Force https connection

Dabless · July 4, 2016, 8:07pm

Please fill out the fields below so we can help you better.

My domain is: blindbeavernation.net and bbnation.asuscomm.com

I ran this command:./letsencrypt-auto --apache -d bbnation.asuscomm.com -d blindbeavernation.net

It produced this output:everything is allright

My operating system is (include version): Ubuntu server 14.04lst

My web server is (include version): apache2

My hosting provider, if applicable, is:Videotron (port 80 is blocked but not 443)

I can login to a root shell on my machine (yes or no, or I don’t know): yes

I’m using a control panel to manage my site (no, or provide the name and version of the control panel): no

Hi ! https is enable, but I want to force it. I check the “secure” option in the setup, it works for “bbnation.asuscomm.com” but not for “blindbeavernation.net”. It’s kind of wierd.

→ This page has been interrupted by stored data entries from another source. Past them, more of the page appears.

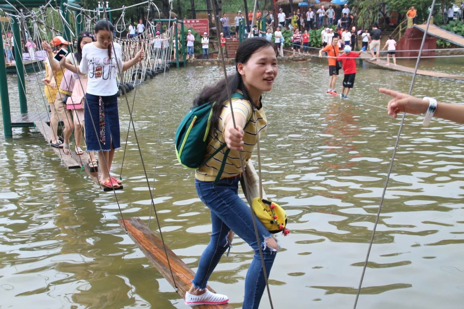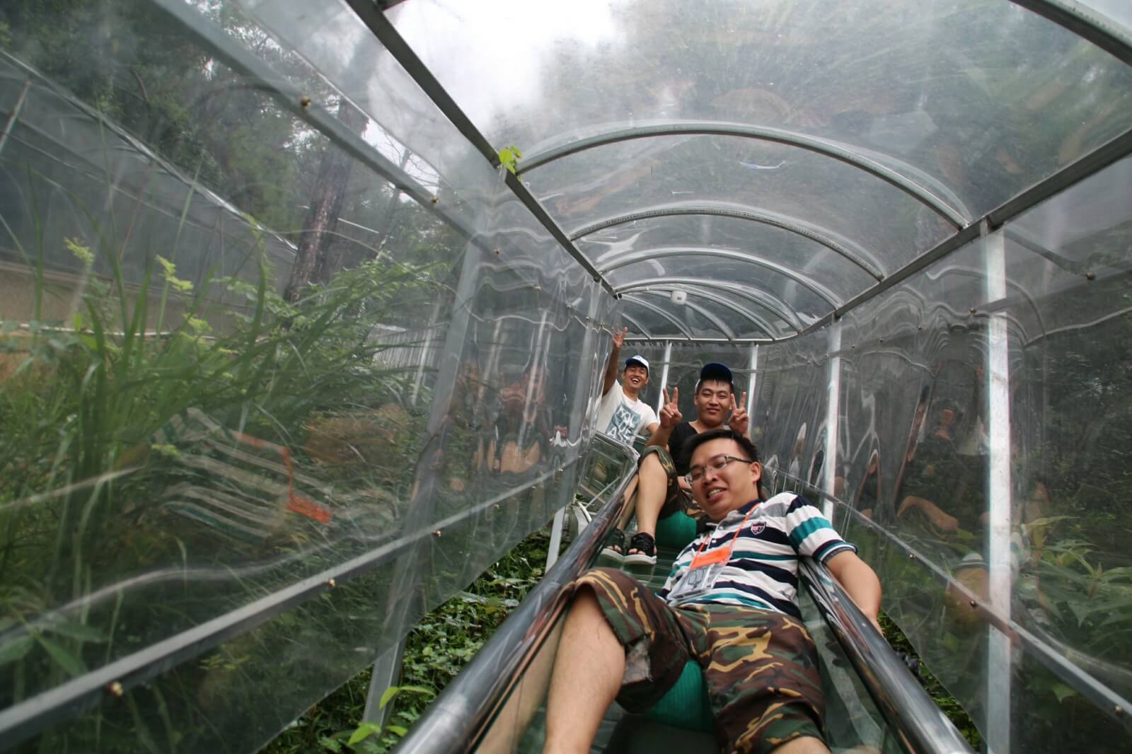 大約經過半小時的登山,便抵達了驚魂玻璃橋及與之相依的飛龍滑道,驚魂玻璃橋的空中廊橋全長接近200米,懸空離地180米左右,對于有恐高癥的人來說,不畏是一處挑戰自我的好地方。不過,再怎么害怕,再通過全長達500多米的飛龍滑道到達山下之后,也就不存在了,長長的滑道可是讓我們重新體驗了一把童年的滑梯享受。另外,景區還設有水上樂園、空中漂流及水上拓展項目。
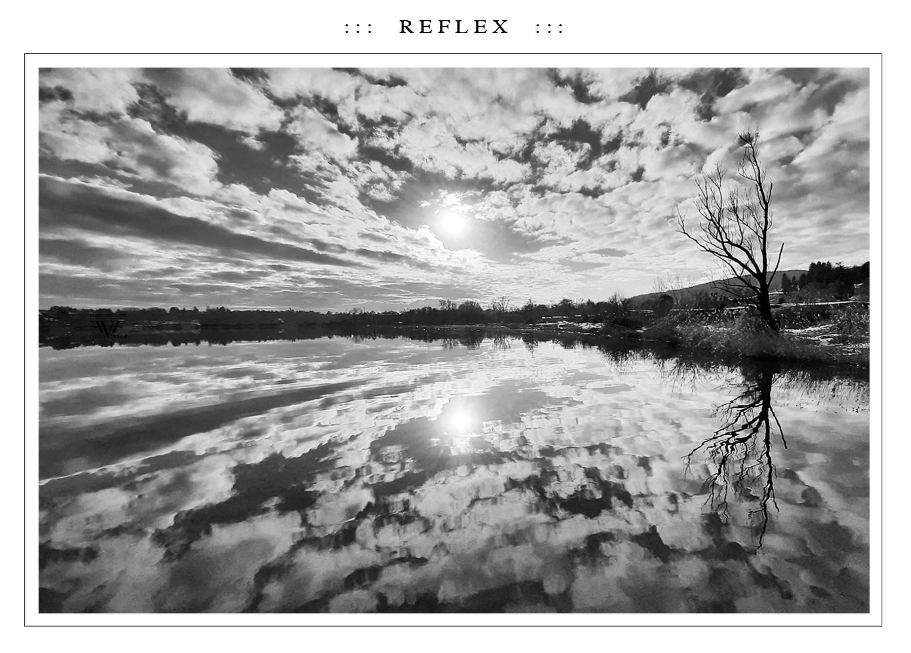 Maestoso questo paesaggio specchiato, l'alberello a dx scheletrico si scontra con la sofficità delle nuvole e rafforza la composizione.
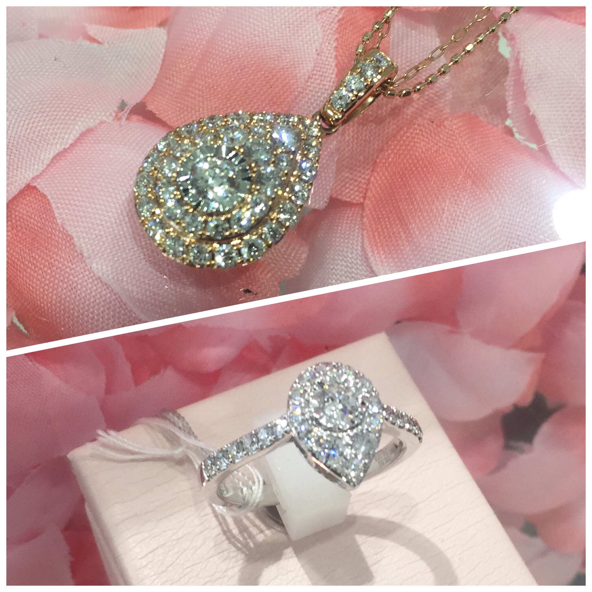 一見するとペアシェイプ型(洋梨型)に見えるのですが、中心には「さくらダイヤモンド」がセッティングされています。

More info : blindbeavernation.net use CNAME to point on bbnation.asuscomm.com

kenarsuleyman · July 4, 2016, 9:59pm

Think simple just redirect them
Add this code to your htaccess

RewriteCond %{HTTPS} off
RewriteRule .* https://%{HTTP_HOST}%{REQUEST_URI} [L,R=301]

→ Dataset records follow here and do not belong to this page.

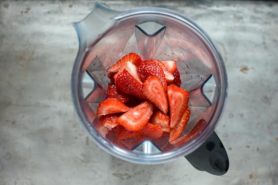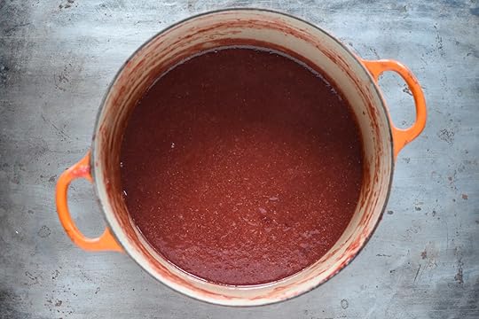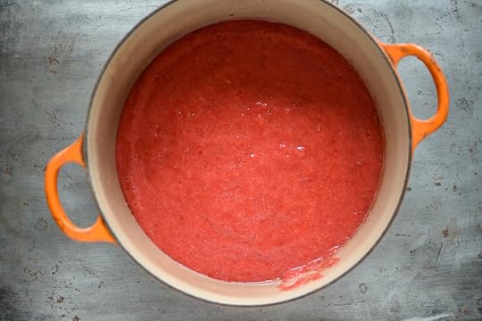 While the jars heat, you wash three pounds of strawberries, remove the hulls, and cut them into quarters. Then, you place the prepped berries in a food processor or blender and puree them until smooth. When you like the consistency, you pour the puree into a pot that’s large enough to contain the butter during a pretty vigorous boiling phase.
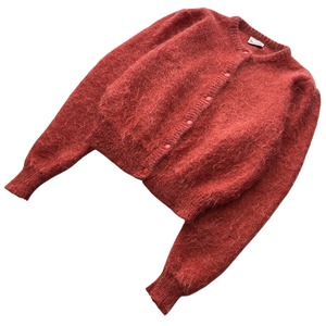 赤みがかったオレンジカラーが美しいニットカーディガン。
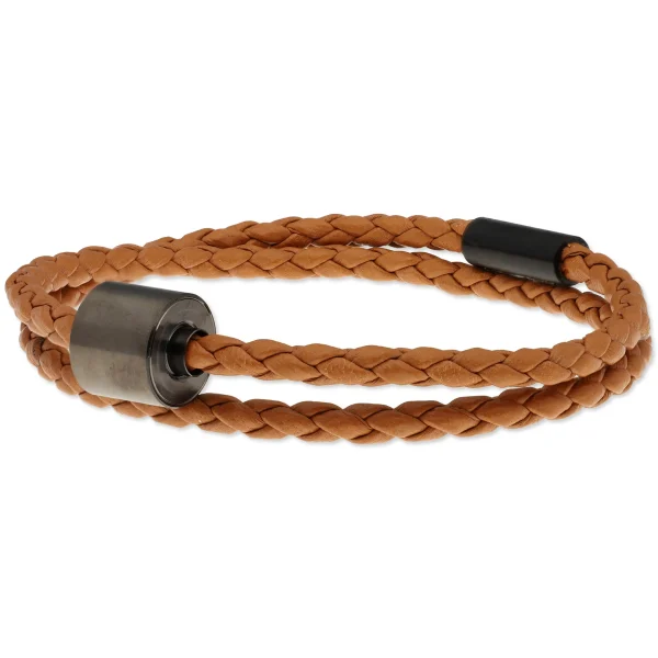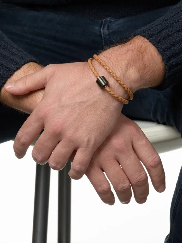Herren-Aschearmband geflochtenes leder Cognac – Black Edition
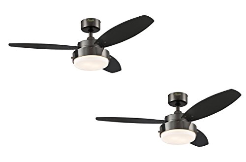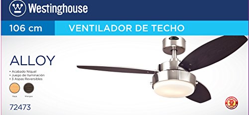 Add modern refinement to your home with the Westinghouse Alloy Two-Light 42-Inch Reversible Three-Blade Ceiling Fan. The brushed nickel finish and opal frosted glass fixture have a sleek, modern look, while the beech/wengue reversible blades make it easy to match your decor.
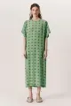 Peça feita em crepe de seda na estampa Cristal Turmalina. Vestido midi reto com shape tubo, decote redondo e mangas curtas amplas. Possui fenda na lateral e fechamento por zíper invisível no centro das costas.
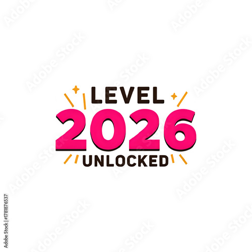 Fototapeta premium New Year 2026 Level Unlocked Celebration Graphic
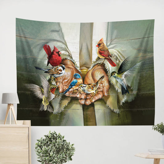God's Hand Hummingbird Tapestry - Christian Tapestries - Wall Tapestry Bible Verse
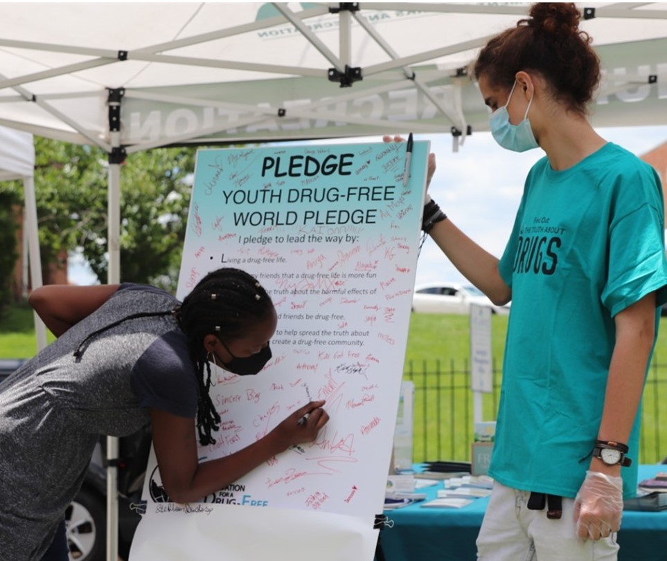 “One of the activities we have been doing this summer is our Drug-Free Pledge project where youth and adults pledge to be drug free in addition to helping educate people about heroin and the devastating and often deadly effects of opioids laced with fentanyl,” said Drug-Free World’s faith liaison Thalia Ghiglia. “I have found working with the police has given us an opportunity to reach deep into our neighborhoods to bring them the truth about drugs.”
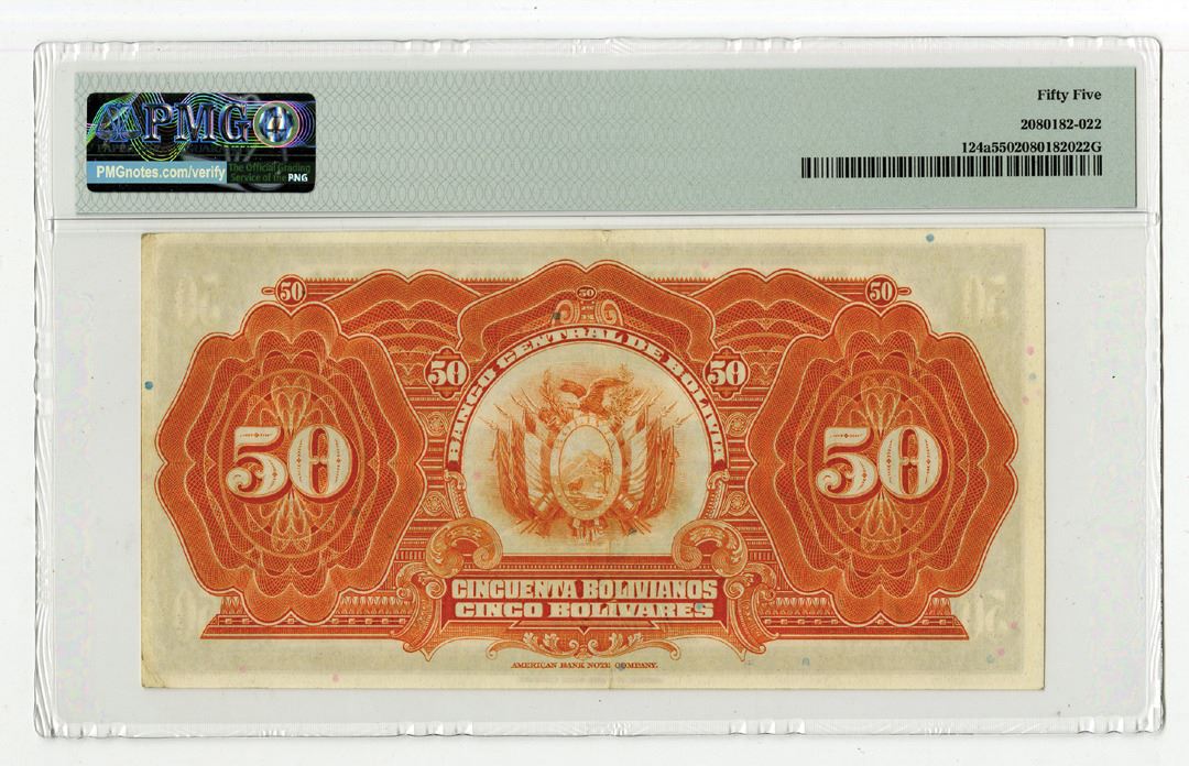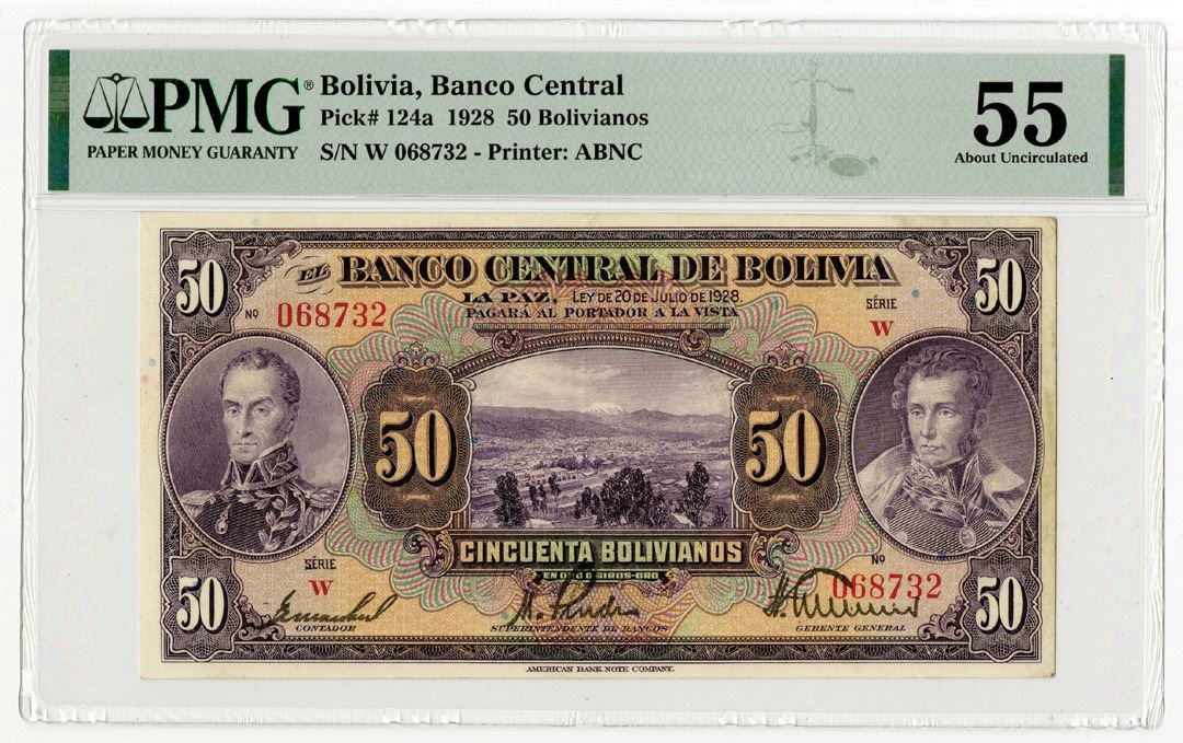 Bolivia, 1928. 50 Bolivianos, P-124a, Issued Banknote. Purple and m/c underprint. S/N W 068732. PMG graded About Uncirculated 55. Printer: ABNC

Dabless · July 4, 2016, 10:01pm

I am a total noob with this, where is my htacess ?

kenarsuleyman · July 4, 2016, 10:13pm

.htaccess is a file which stores extra configrations for apache servers. Go to parent directory of your site create .htaccess file if not exists (dont forget add dot “.” to beginning of file name ) and paste above code inside.

Dabless · July 4, 2016, 10:21pm

Will this really work since my port 80 is blocked ? I mean, the user need to reach port 80 to know that he is redirect to port 443 ? And why do I need to do this for this domain but not for bbnation.asuscomm.com ? that’s odd

rugk · July 4, 2016, 10:27pm

When port 80 is blocked it won’t work. However it is bad practise to do this. Just always serve a redirect when you want to force HTTPS.

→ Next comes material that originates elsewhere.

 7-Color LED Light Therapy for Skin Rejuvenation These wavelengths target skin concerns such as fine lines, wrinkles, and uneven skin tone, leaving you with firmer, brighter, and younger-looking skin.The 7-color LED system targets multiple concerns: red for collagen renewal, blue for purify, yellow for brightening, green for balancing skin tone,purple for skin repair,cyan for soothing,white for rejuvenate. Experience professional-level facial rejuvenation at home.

Additionally you might consider using the HSTS header to force HTTPS also for future connection. Be aware that dropping HTTPS support in the future will be difficult if you use this header.

Dabless · July 4, 2016, 10:38pm

Thank you for the respond, the thing is, I don’t get why it works with out the HSTS header on one of my domain and not on the other that is pointing to the same IP adress. If I type “bbnation.asuscomm.com” it’s automaticly in HTTPS, but if I tryed blindbeavernation.net it’s not. it’s kind of wierd I sucess for one and fail for the other, yet, I am using the same procedure

rugk · July 4, 2016, 10:42pm

I have not checked your domains, but you have to receive the header before it can actually redirect you.
As said adding a redirect should help you.

Dabless · July 4, 2016, 10:50pm

Thing is, my ISP block the port 80, that’s why I am using the port 443

rugk · July 4, 2016, 11:06pm

Oh that’s ugly. If my ISP would do such a thing I would personally look for another ISP. Because naturally your ISP could also start blocking port 443 later.
So as for your actually issue it depends for what you want to use your website. Is it only accessed by web browsers?

If so first manually access your (sub)domain with HTTPS and if the header is correctly set (which you can e.g. see in the developer console of the browser) all later requests should be redirected.
However you of course can’t expect other visitors to do the same.
You might try to get listed on https://hstspreload.appspot.com/, but AFAIK they require a HTTPS redirect. Additionally even if your ate included it takes months until a new browser release with this list is published.

kenarsuleyman · July 5, 2016, 8:17am

Why an ISP blocks 80 port I have no idea. There should be international standards every ISP have to follow.

Dabless · July 5, 2016, 4:12pm

it’s beacause they want us to use a “entreprise” service if we want to host a webpage. They want us to pay more for the port 80

system · August 4, 2016, 4:12pm

This topic was automatically closed 30 days after the last reply. New replies are no longer allowed.